Different statistical tests have different effect size measures and interpretations of their values. Here are some that relate to the work we have done in this course.
· T-test for independent samples. Cohen’s D is found by the absolute difference between the means divided by the pooled standard deviation of the entire data set. A large effect is .8 or above, a moderate effect is around .5 to .7, and a small effect is .4 or lower. Interpretation of values between these levels is up to the researcher and/or decision maker. In the two-sample equal variance t-test, the pooled variance value is provided. In the two-sample unequal variance test, the pooled variance is not provided, and the simplest solution is to find the variance of the entire data set separately with a VAR.S(range) command and use this value in the calculation of Cohen’s D.

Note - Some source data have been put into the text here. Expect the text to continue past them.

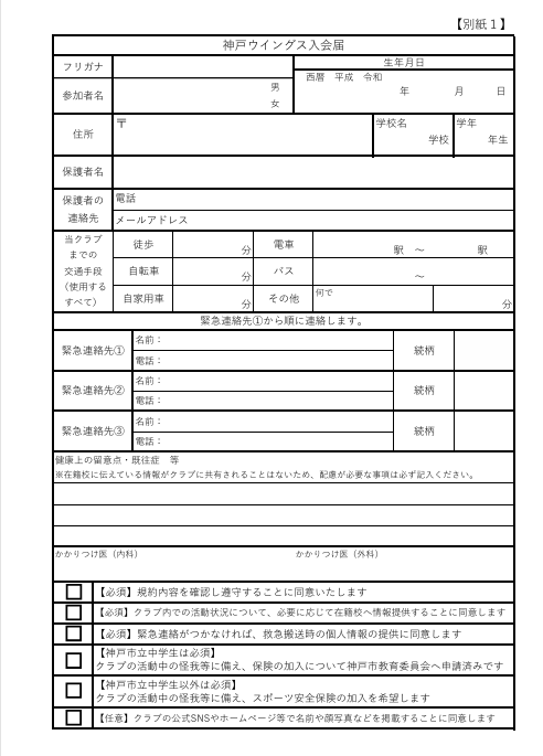 説明会または体験会(夏開催予定)にて入会申込書をお渡しいたします。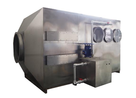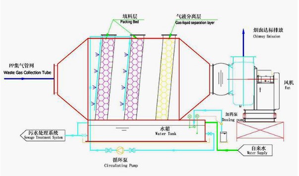 廢氣從塔底進(jìn)入塔內(nèi),氣體從底部通過填料層,然后從塔頂?shù)某隹谂懦觥K畯乃捻敳亢椭虚g均勻地通過液體分配器噴射到填料層,并沿著填料層的表面流下,直到塔的底部由泵送到塔的頂部和中間以便回收。水汽和剩余的廢氣進(jìn)入脫水除霧階段,脫去液滴、霧氣。經(jīng)過初始處理后的氣體從吸收塔的上端排氣管進(jìn)入下一級(jí)處理階段或排出大氣。
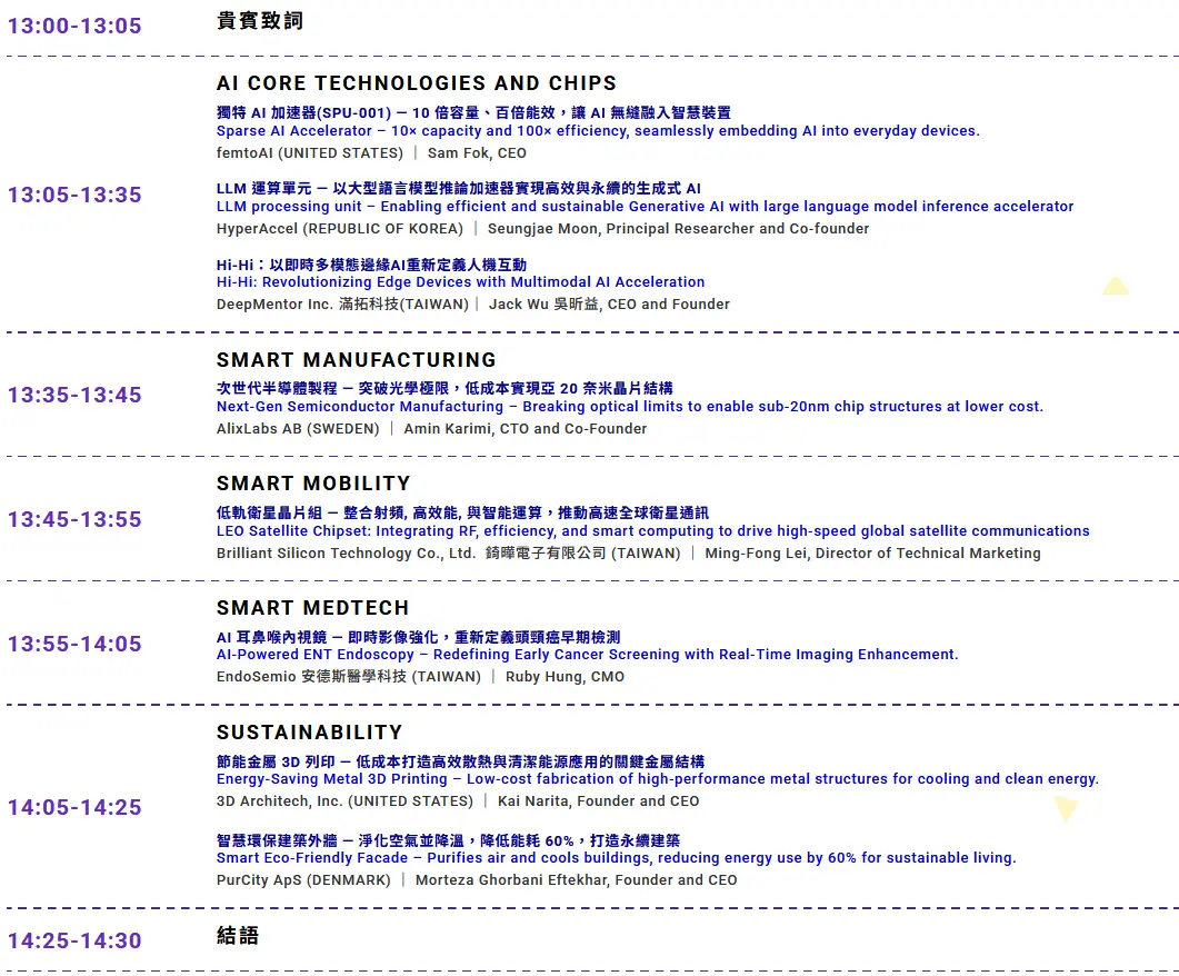 第三梯次 IC Taiwan Grand Challenge 八家新創出列,今年自全球 28 國、150 件提案中精選出 8 件最具潛力的技術,橫跨美國、瑞典、丹麥、南韓及臺灣,可望帶動人工智慧晶片及應用、半導體生產、智慧醫療、低軌衛星等百工百業創新應用發展。 #請創新交流夥伴喝咖啡! 早鳥出席,即贈送超商咖啡卷乙張。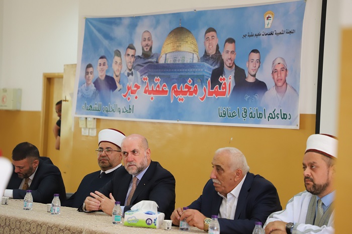 وبعد ذلك توجه الهباش وأبو العسل لمخيم عقبة جبر والتقى بأهالي شهداء المخيم الذي ارتقوا برصاص الاحتلال الإسرائيلي خلال عدوانه المستمر ضد أهالي المخيم، حيث أكد الهباش خلال اللقاء الذي تم في مقر اللجنة الشعبية لخدمات المخيم، بحضور رئيس اللجنة جمال عمر، أن الكلام يبقى عاجزا في حضرة الشهداء وأهالي الشهداء، معربا عن تعازيه الحارة لذوي الشهداء وعائلاتهم ولعموم أبناء مخيم عقبة جبر.

· One-sample T-test. Cohen’s D is found by the absolute difference between the mean and the standard divided by the standard deviation of the tested variable data set. A large effect is .8 or above, a moderate effect is around .5 to .7, and a small effect is .4 or lower. Interpretation of values between these levels is up to the researcher and/or decision maker.
· Paired T-test. Effect size r = square root of (t^2/(t^2 + df)). A large effect is .4 or above, a moderate effect is around .25 to .4, and a small effect is .25 or lower.
· Eta squared equals the SS between/SS total. A large effect is .4 or above, a moderate effect is .25 to .40, and a small effect is .25 or lower.
· Chi Square Goodness of Fit tests (1-row actual tables). It is, also called Effect size r = square root (Chi Square statistic/(N * (c -1)), where c equals the number of columns in the table. A large effect is .3 or above, a moderate effect is .3 to .5, and a small effect is .3 or lower.
· Chi Square Contingency Table tests. For a 2x2 table, use phi = square root of (chi square value/N). A large effect is .5 or above, a moderate effect is .3 to .5, and a small effect is .3 or lower.
· Chi Square Contingency Table tests. For larger than a 2x2 table, use Cramer’s V = square root (chi square value/((smaller of R or C)-1)). A large effect is .5 or above, a moderate effect is .3 to .5, and a small effect is .3 or lower.
· Use the absolute value of the correlation, A large effect is .4 or above, a moderate effect is .25 to .4, and a small effect is .25 or lower.